Sorry, b is a memptr, not a field.

#25 Updated by Constantin Asofiei almost 5 years ago

Greg Shah wrote:

All POLY cases will be BDT, right? There is no other possibility for a field (:: or BUFFER-FIELD:BUFFER-VALUE()) or the return value from a function (DYNAMIC-FUNCTION()) or method return value (DYNAMIC-INVOKE()). Can we always cast POLY to BDT?

Well, a POLY can always be an extent value (Java array)... that is another whole can of warms to worry about.

The only questions I have:

  • What does BUFFER-FIELD:BUFFER-VALUE() or :: return for CLOB or BLOB? Is this a BDT?

CLOB and BLOB in FWD are BDTs.

  • What happens in DYNAMIC-INVOKE() for a VOID return type? I guess the 4GL generates an error in this case.

Yes, you get a Invalid use of dynamic invoke of VOID method '%s' in an expression.

#26 Updated by Greg Shah almost 5 years ago

Well, a POLY can always be an extent value (Java array)... that is another whole can of warms to worry about.

It is my understanding that you cannot have an extent for CLOB or BLOB fields. Are any other kinds of fields supported in COPY-LOB? I didn't know it was possible to pass a CHARACTER type.

If a function or method returns an extent (for LONGCHAR or MEMPTR)... is there a failure in COPY-LOB?

In other words, is there any working case where an extent can be passed to COPY-LOB, or do we just have to handle the error processing?

But your point is well taken that an extent can be passed at runtime, so do we need the signature to be Object for the POLY case?

#27 Updated by Constantin Asofiei almost 5 years ago

Greg Shah wrote:

Well, a POLY can always be an extent value (Java array)... that is another whole can of warms to worry about.

It is my understanding that you cannot have an extent for CLOB or BLOB fields. Are any other kinds of fields supported in COPY-LOB? I didn't know it was possible to pass a CHARACTER type.

The target is h:buffer-field(tt1.f1):buffer-value., the BUFFER-VALUE, which is POLY. tt1.f1 was there just to get the field's name.

But your point is well taken that an extent can be passed at runtime, so do we need the signature to be Object for the POLY case?

I would make it Object.
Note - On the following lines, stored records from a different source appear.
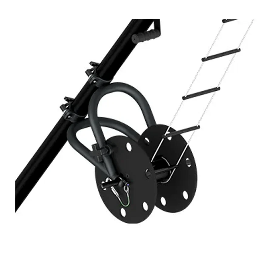 L’ensemble intègre un support d’échelle, une bobine enrouleuse et des goupilles à dégagement rapide. La rupture de verrouillage horizontale stabilise la bobine lors des déplacements, améliore la mobilité et limite les mouvements parasites en patrouille ou lors du transfert de matériel.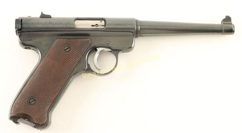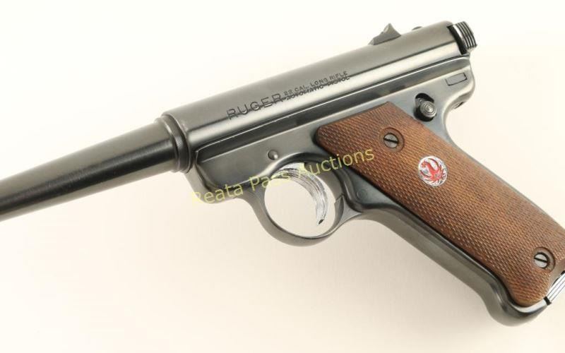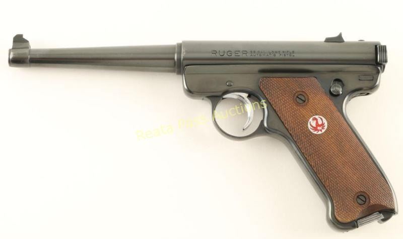 Single action semi-automatic target pistol chambered in .22 Long Rifle, circa 1966. Features a blued finish, 6" tapered barrel, patridge front sight, dovetailed rear window sight, serrated chrome trigger, hold open lever/thumb safety, 9 round magazine with chrome floorplate and two-piece checkered wood grips with red filled Ruger medallion on the left panel. Pistol exhibits approximately 94% of what appears to be a high quality refinish showing some high point edge wear and light handling marks. Action is smooth, bore is excellent and grips are very good with semi-worn checkering. Condition is very good+. ***C&R Firearm*** ***Modern Firearm***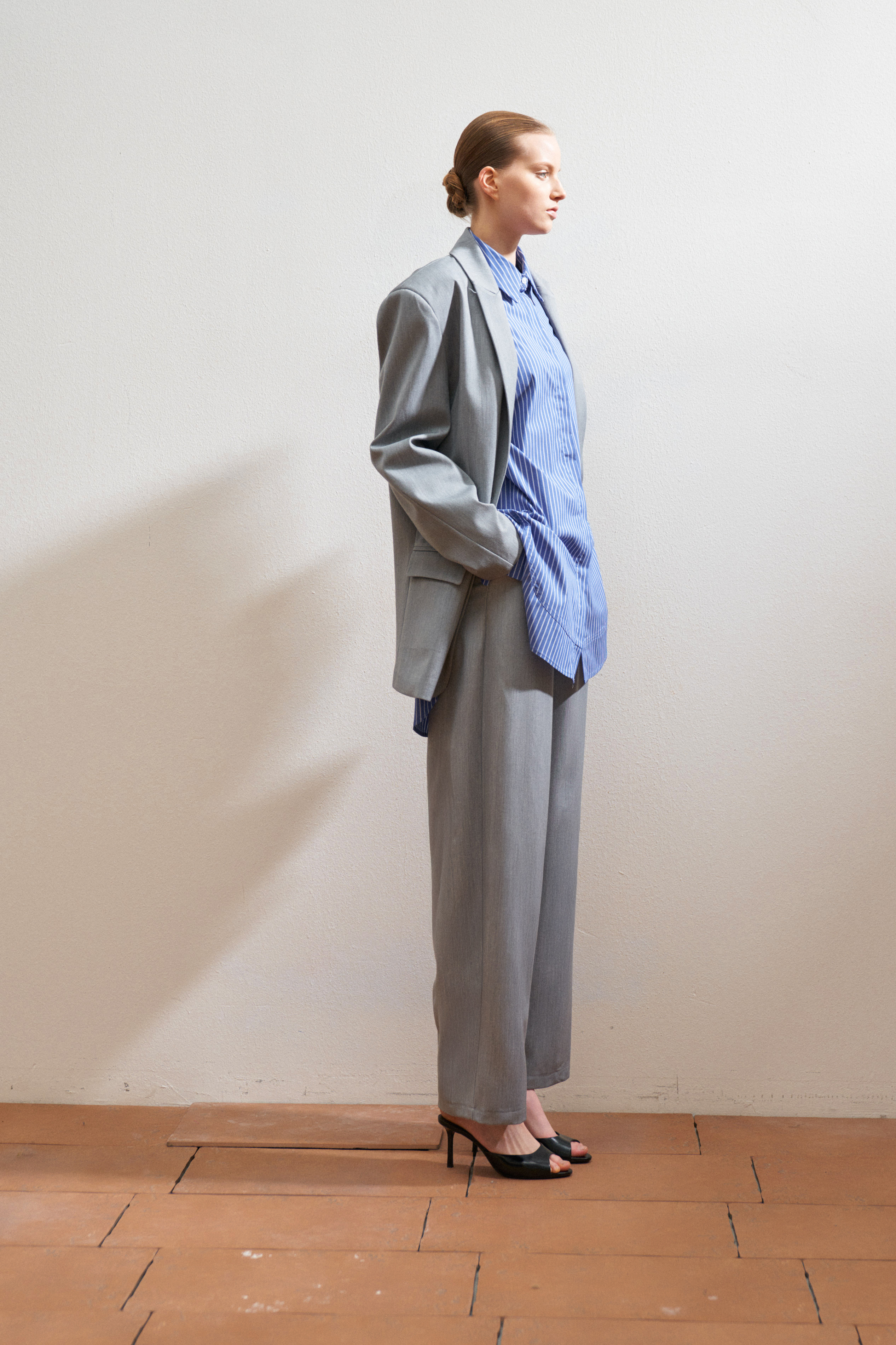 Mandarin collar. Long sleeves with cuffs.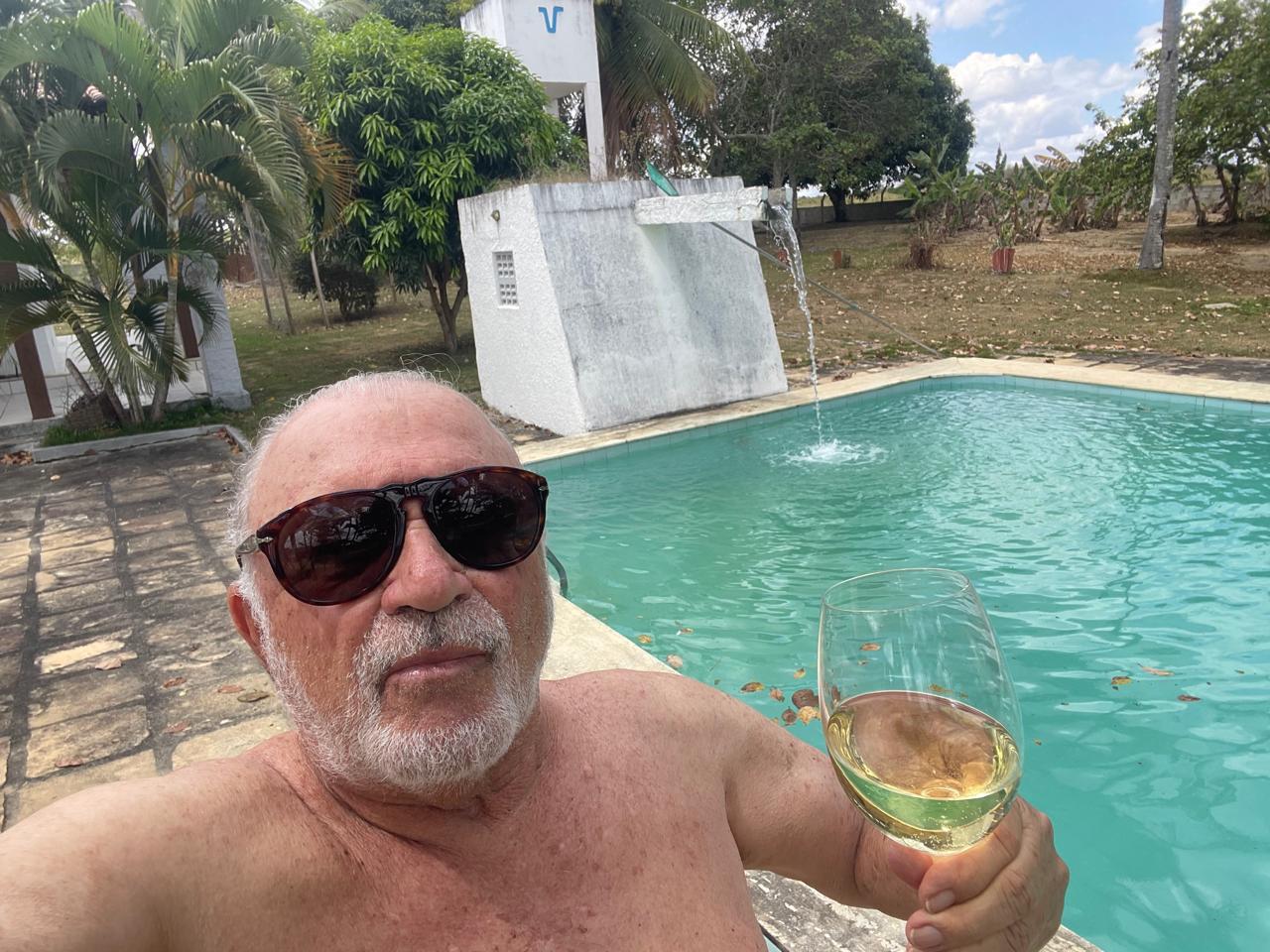 Ser e saber viver – À beira da piscina da sua fazenda, no município de Miguel Calmon, onde produz leite, meu amigo Valter Menezes, aprecia o maravilhoso Goutte D’Argent Chardonay, feito no Chile pelo Mago Pascal Marty. Aliás, ele vem fazendo o “sacrifício”, de avaliar a sequência de vinhos do Pascal, adquiridos recentemente na Euvinho. Na sequência, virão os Ser Merlot, Ser Cabernet Sauvignon e Ser Syrah. Ele sabe, ser e viver. Cheers!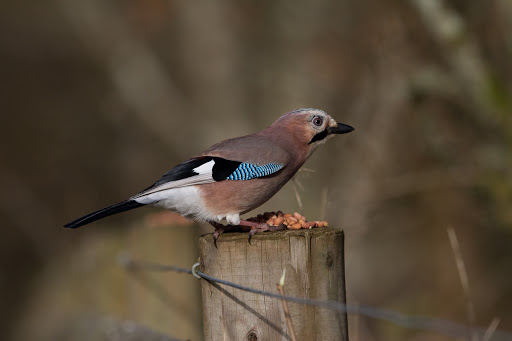 With the start of some cold weather over the past few days , the feeders have attracted more bids than usual. Among them a lot of Jays have been busy filling their crops with peanuts and burying them in the nearby fields.

But many of current POLY APIs in FWD are not extent-proof - they will fail.

#28 Updated by Eric Faulhaber almost 5 years ago

Constantin Asofiei wrote:

Sorry, b is a memptr, not a field.

Please post the full test case.

#29 Updated by Greg Shah almost 5 years ago

But your point is well taken that an extent can be passed at runtime, so do we need the signature to be Object for the POLY case?

I would make it Object.

Or we could add a second POLY set of signatures for BDT[]. You can't return an array of anything else in these case, so that would limit it and make it less likely to be unexpectedly used later.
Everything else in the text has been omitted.